Friday, July 31, 2020

Extraordinary heat

While the world frets (rightly) about COVID-19, terrible temperature records are being set:
Record high temperatures have been plaguing the Middle East, the mercury soaring to extreme levels during a blistering and unforgiving heat wave. Baghdad surged to its highest temperature ever recorded Tuesday.

Tuesday’s preliminary high of 125.2 degrees (51.8 Celsius) in Iraq’s capital city shatters its previous record of 123.8 degrees set on July 30, 2015, for any day of the year.

On Wednesday, Baghdad followed up with a temperature of 124 degrees, its second-highest temperature on record. On Monday, it had reached 123 degrees.

The crippling heat forced many residents indoors, and street sellers had to seek whatever shade they could find. With the state electricity grid failing, many households were relying on generators to power fridges, fans or air-conditioning units, the machines adding a guttural hum to the city’s already-noisy streets.
Yes: the failure of a power supply in heat like that is surely an invitation to death.

2 comments:

GMB said...

Its at least possible that a wind that is higher in CO2 passing over a bone dry area could have some sort of effect. But its more likely to be for other reasons. In all areas where the wind is not dry any warming effect is already pre-empted by water vapour. So promise yourself that you will support the greening of the desert and let your heart not be troubled for the planet taken in its entirety.

GMB said...

Just shows that you need to green the deserts everywhere so you have that built in air conditioner. Its possible that the suns energy could pick up next century for unknown reasons and if the deserts aren't greened, and therefore air-conditioned, that could lead to genocidal consequences. We saw what happened last December right here in Australia when a dry wind gets to pick up heat across a huge expanse of dry land. And thats what the Middle East is copping now. It doesn't need to be that way. Deserts and dry land are dangerous for all of us.

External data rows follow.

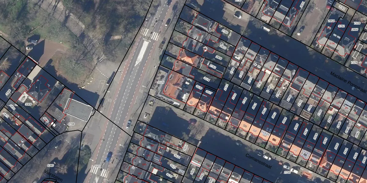 Het perceel waarop Comansstraat 1 staat heeft een oppervlakte van 379 m². Dit is een groot perceel. De perceeloppervlakte wordt geregistreerd door het Kadaster. Gedetailleerde informatie over de maten van dit perceel kunt u vinden in het rapport Kadastrale kaart met maatvoering van Comansstraat 1.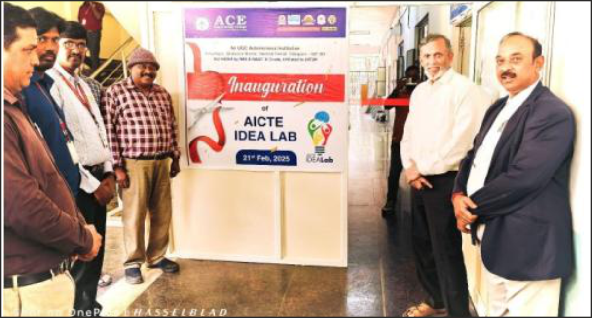 The AICTE IDEA Lab at ACE Engineering College was inaugurated on 21 February 2025. This milestone marks an important milestone for the college, likely contributing to enhancing innovation, research, and development opportunities for students and faculty. The IDEA Lab is expected to foster creativity and support students in developing new ideas and projects in various fields of engineering and technology.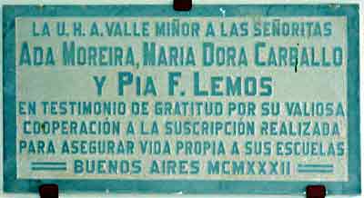 No Boletín que a U.H.A.V.M. publicaba, póñense de manifesto as inquedanzas intelectuais da Sociedade e a grande variedade de autores que nel colaboran, fálannos da súa mentalidade aberta as correntes de pensamento da súa época. Podemos citar: ...."Homes do seu tempo, enraizados nunha sociedade, a arxentina, cosmopolita, moderna, urbana e progresista, non esqueceron as súas raíces e tentaron construír unha ponte entre as dúas culturas, a galega e a americana. Ares de Parga recoñece con orgullo a capacidade dos seus coterraneos por transformar en positivo as propias carencias persoais...mediante a organización colectiva, en obras de inmensa significación altruísta" ...( Malheiro) Ó iniciar a súa andaina a Sociedade establece como obxectivo prioritario promover a educación, construíndo unha escola que ademais de rexenerar e impulsar o progreso da comarca, servira para preparar aos nenos e nenas para que puideran desempeñar oficios dignos na emigración. Contou cunha Comisión Directiva formada polos promotores na Arxentina e un Consello de Administración no Val Miñor, que supervisaba e informaba periodicamente da marcha da escola. A Asociación chegou a ter máis de 600 socios, todos eles aportaron as súas cotas e o seu apoio nesta empresa e con todos eles temos unha débeda de gratitude. |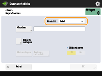 Jobbtyp: Fax (minnessändning) eller Scanna och skicka (fax/I-fax)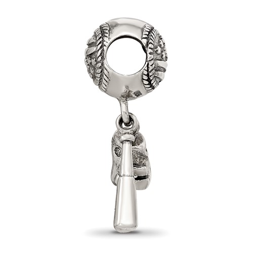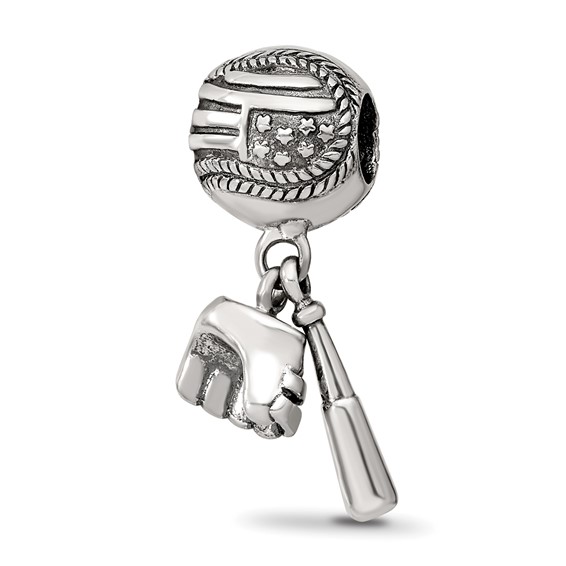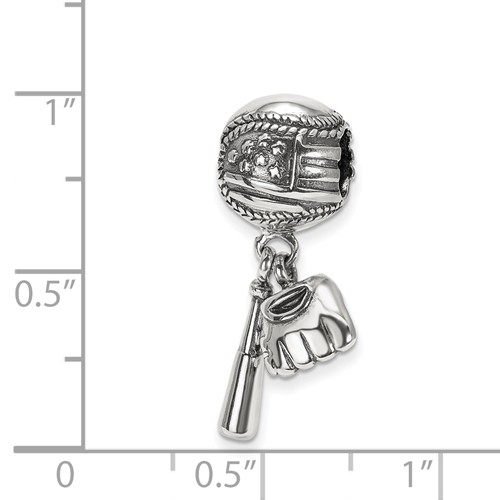 Baseball bat glove and baseball bead is made of antiqued, solid sterling silver. This bead fits all major modular bracelet brands. Imported.

In the tropical zones EXTRA evaporation does tend to lead to an accumulation of joules since these are places where a pocket of saturated air doesn't necessarily rise straight up. This is not manifested by heat records but by the tropical zone expanding. But in the former deserts, in the rehabilitated desert the new evaporation is definitely a refrigerant during the day time. Because in typically dry air new evaporation will head straight up. No more dry land means essentially no more heat waves.